Lantas aku memberi keterangan mengenai revolusi. Revolusi itu apa? Wong revolusi itu bukan bikinan manusia. Bukan bikinanku. Aku tidak merasa membuat revolusi Indonesia ini. Aku malahan merasa sebagai perasan daripada revolusi Indonesia ini. Malahan aku kadang-kadang merasa seperti didorong-dorong oleh sesuatu hal gaib yang bernama revolusi Indonesia. Revolusi Indonesia ini bukan buatanku, bukan buatan Hatta, kataku, bukan buatan siapapun. Dan revolusi itu apa? Lantas saya berkata, revolusi adalah inspirasi daripada masyarakat. Malahan, bukan saja yang berarti kecil-kecilan, razende inspiratie. Razen yaitu bergelora, menggeledek, mengguntur, itulah razende inspiratie. Razende inspiratie daripada masyarakat.
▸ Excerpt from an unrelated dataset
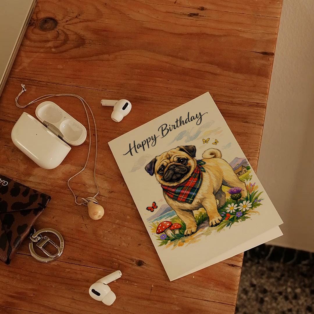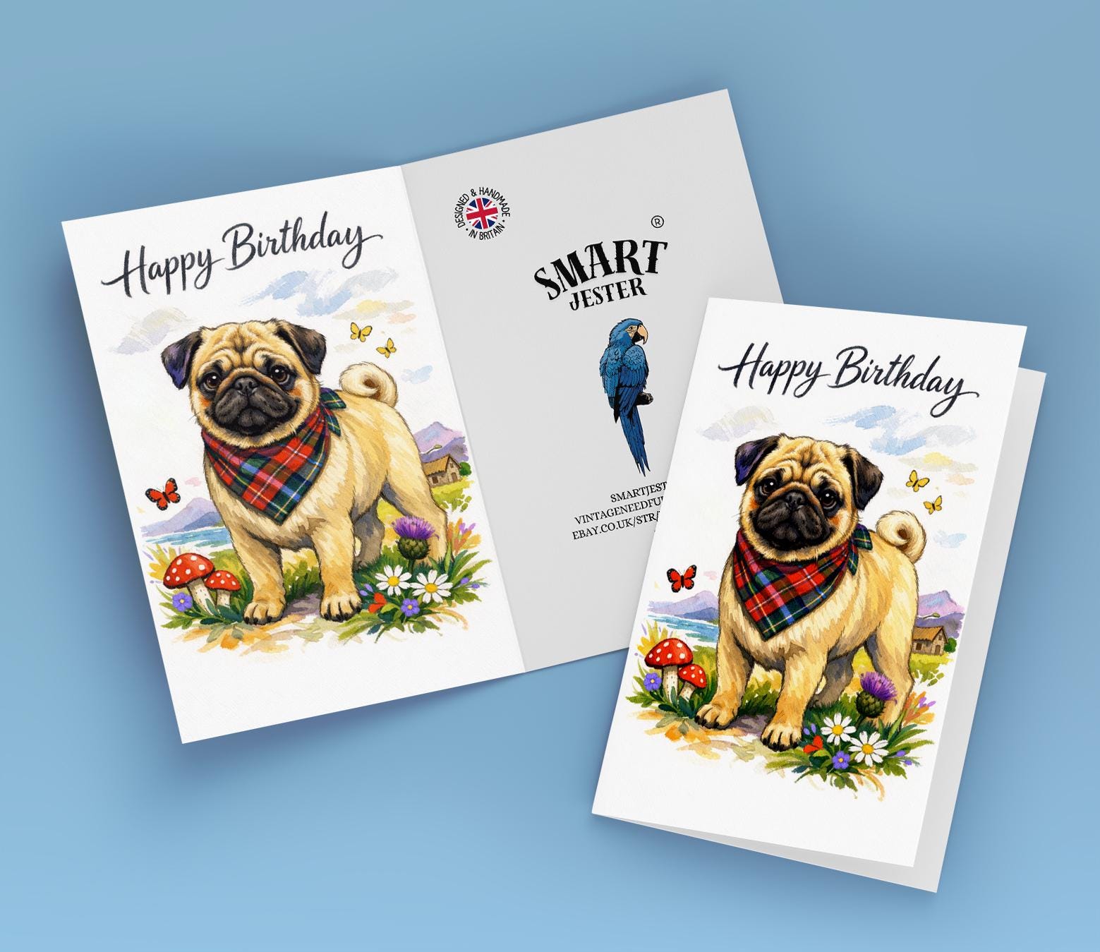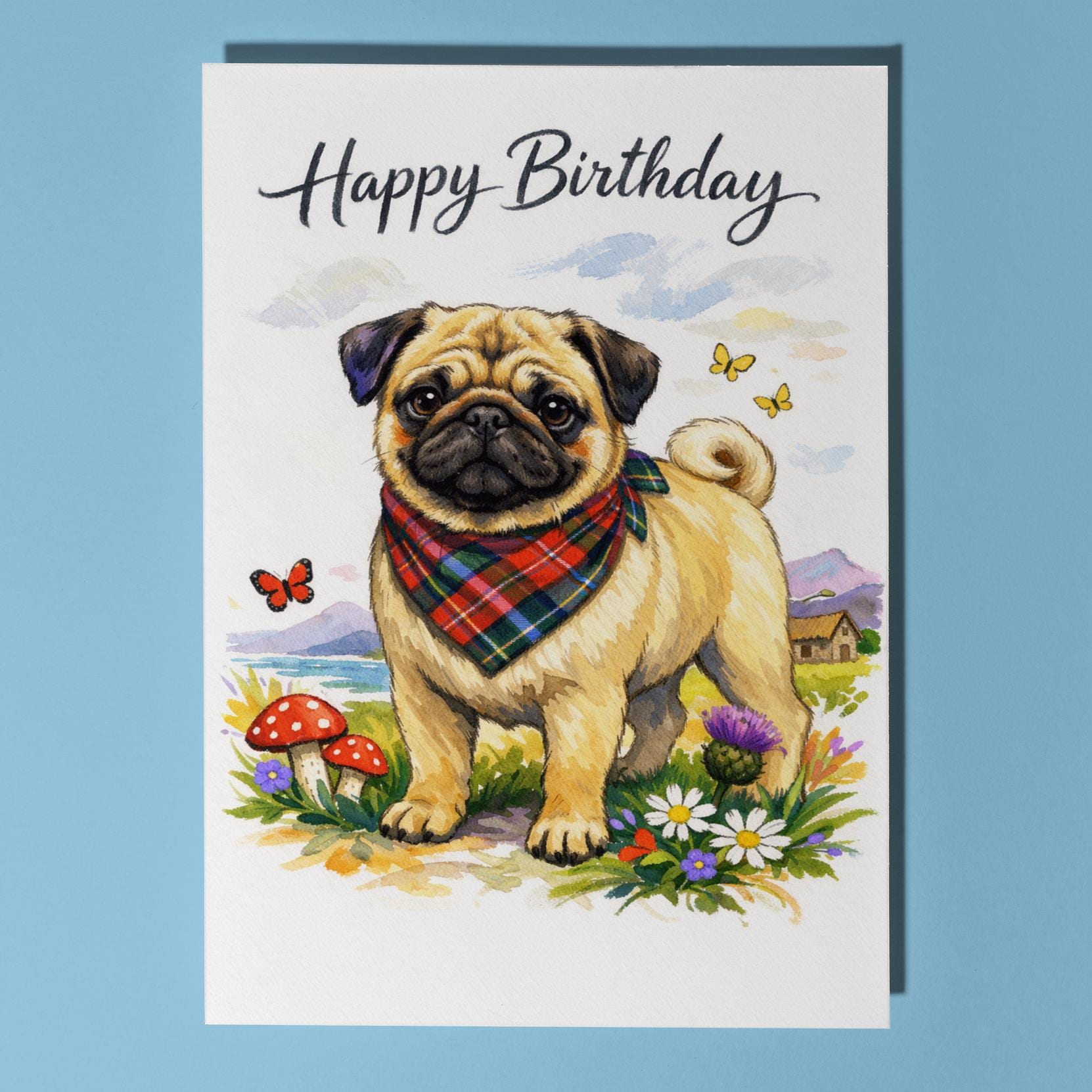 BLANK INTERIOR FOR A PERSONAL TOUCH: Our Dog Breeds Collection - Scottish Pug: Thistle Friend Happy Birthday! card and other whimsical designs feature a blank interior, giving you ample space to write a personal message from the heart. Perfect for any occasion, each card comes with a matching white envelope, making it easy to send your unique sentiments to loved ones.

Memang nyata ini, bukan bewust thok. Apakah Marhaen yang tidak bisa membaca dan menulis mengetahui? Oo, harus Berdikari. Oo, harus mengadakan aturan ini. Oo, harus mengadakan simbol yang berupa Garuda Pancasila. Oo, harus….Tidak, tidak, tidak! Marhaen bewust tidak tahu apa-apa! Mereka ya memang orang yang katakanlah bodoh. En toch dia adalah satu tenaga yang beslissend fundamentael di dalam revolusi ini. Oleh karen apa? Oleh karena revolusi adalah inspirasi dalam kalbunya seluruh rakyat Indonesia. Dan inspirasi adalah kekuatan tadi, de scheppende ontmoeting van het bewuste en het onderbewuste.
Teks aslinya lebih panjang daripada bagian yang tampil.